Misant sur des rapports sociaux sains et sans filtres, destinée principalement aux familles, l'application française BeReal se présente comme le contre-pied d'Instagram et de Snapchat. Ce positionnement sans fard plaît : sans aucune publicité, l'appli a déjà été téléchargée plus de 70 millions de fois et explose aux États-Unis.

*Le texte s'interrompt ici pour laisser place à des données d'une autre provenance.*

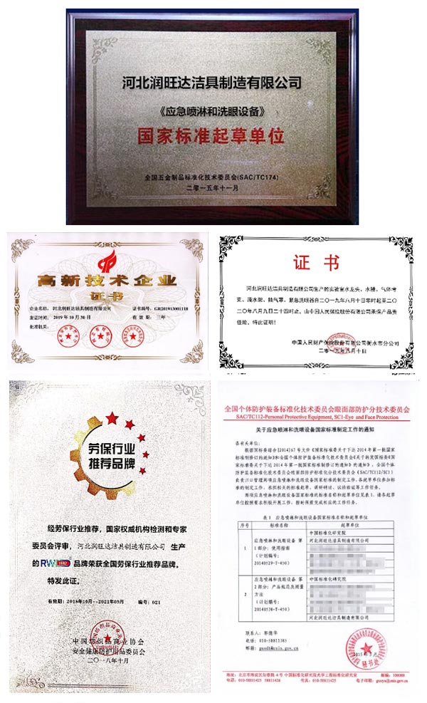 經(jīng)過多年發(fā)展,潤旺達(dá)公司斥資建立了同行業(yè)少有的產(chǎn)品檢測中心,擁有光譜分析儀、鹽霧測試機(jī)、壽命測試機(jī)、水壓密封測試機(jī)、氣密測試機(jī)、強(qiáng)度測試機(jī)、流量測試機(jī)等多臺先進(jìn)檢測設(shè)備,構(gòu)建高效的企業(yè)研發(fā)和產(chǎn)品檢測體系,參與起草制定了《GB/T38144.2-2019應(yīng)急噴淋和洗眼設(shè)備》國家標(biāo)準(zhǔn),并以先進(jìn)的研發(fā)體系,申請獲得了多項洗眼器專利證書,滿足并超越洗眼器行業(yè)需求。

Les plus grands succès viennent la plupart du temps des utilisateurs. En silence, BeReal (prononcez « biril » !), une application sociale française dont le principe est assez proche d'Instagram ou de Snapchat, est en train de se construire une communauté de plus en plus active. Lycéens, étudiants, familles qui souhaitent entretenir les liens entre les générations… le public est sous le charme du paradigme nouveau qu'est en train d'imposer cette plateforme récente. C'est en 2020 qu'Alexi Barreyat et Kévin Perreau, deux développeurs français, lance la première version de leur projet longuement mûri. Pour se démarquer des solutions existantes, les deux hommes ont eu l'idée de faire en sorte que l'application, au rythme d'une notification par jour intervenant à une heure variable, enjoigne ses utilisateurs à cesser toute affaire courante et à se photographier dans son environnement immédiat. Les caméras avant et arrière du téléphone se déclenchent en même temps et les deux clichés juxtaposés sont ensuite visibles par les personnes qui suivent l'utilisateur. L'idée qui sous-tend ce concept original est de retrouver l'authenticité et l'instantanéité perdue avec les autres mastodontes du secteur. Les filtres, les mises en scène et les préparations souvent coûteuses créent un monde parallèle loin de la réalité du quotidien de tout un chacun. BeReal souhaite renouer avec ce réel et que ses utilisateurs se donnent de « vraies » nouvelles d'eux-mêmes. Le credo apposé sur le site web de l'application ne trompe pas : « Découvrir ce que font vraiment vos amis au quotidien ».
En toute simplicité
L'application a décidé de supprimer tous les compteurs de popularité et autres likes, ainsi que tous les filtres et les publicités. Le seul critère qui fait foi, c'est la proximité temporelle avec la notification qui enjoint à se prendre en photo. Pour que les autres utilisateurs soient certains du niveau d'authenticité du cliché, celui-ci est accompagné du nombre de prises et le délai qui sépare sa capture de la réception de la notification. Au-delà des deux minutes de rigueur, la photo indique le retard. Pire, pour les utilisateurs les moins spontanés, un message apparaît : « Est-ce que tu as bien compris ce qu'était BeReal ? 10 % de tes BeReal étaient à l'heure ». On ne plaisante pas avec la spontanéité ! Même si le niveau d'intrusion de l'application semble élevé, celle-ci connaît un succès éclair. Il faut dire que personne n'est obligé de se prendre en photo, mais si on le fait, il faut accepter la règle des deux minutes. BeReal a été téléchargée plus de 75 millions de fois depuis son lancement en 2020. Les États-Unis sont le premier terrain de conquête du service avec plus d'un tiers des téléchargements, suivis par le Royaume-Uni (9 %) et la France (6 %). En novembre dernier, BeReal a décroché le prix de l'application iPhone de l'année. Preuve que le projet de Barreyat et Perreau bouleverse l'écosystème des grands réseaux sociaux. Instagram et TikTok ont ajouté des fonctionnalités qui se rapprochent de son concept. Mieux, certains des meilleurs clichés se retrouvent rapidement partagés sur les grandes plateformes américaines. Il faut saluer le tour de force : bâtir un réseau social construit sur le rejet des autres réseaux sociaux ! Comme toutes ces applications à leurs débuts, BeReal cherche un modèle économique viable. Pour le moment, la start-up vit sur les deux levées de fonds accompagnées par Xavier Niel. Le patron de Free a investi 1 million d'euros dans l'aventure et a aidé à lever 88 millions d'euros. L'entreprise est aujourd'hui évaluée à 558 millions d'euros. Une nouvelle réussite pour la French Tech.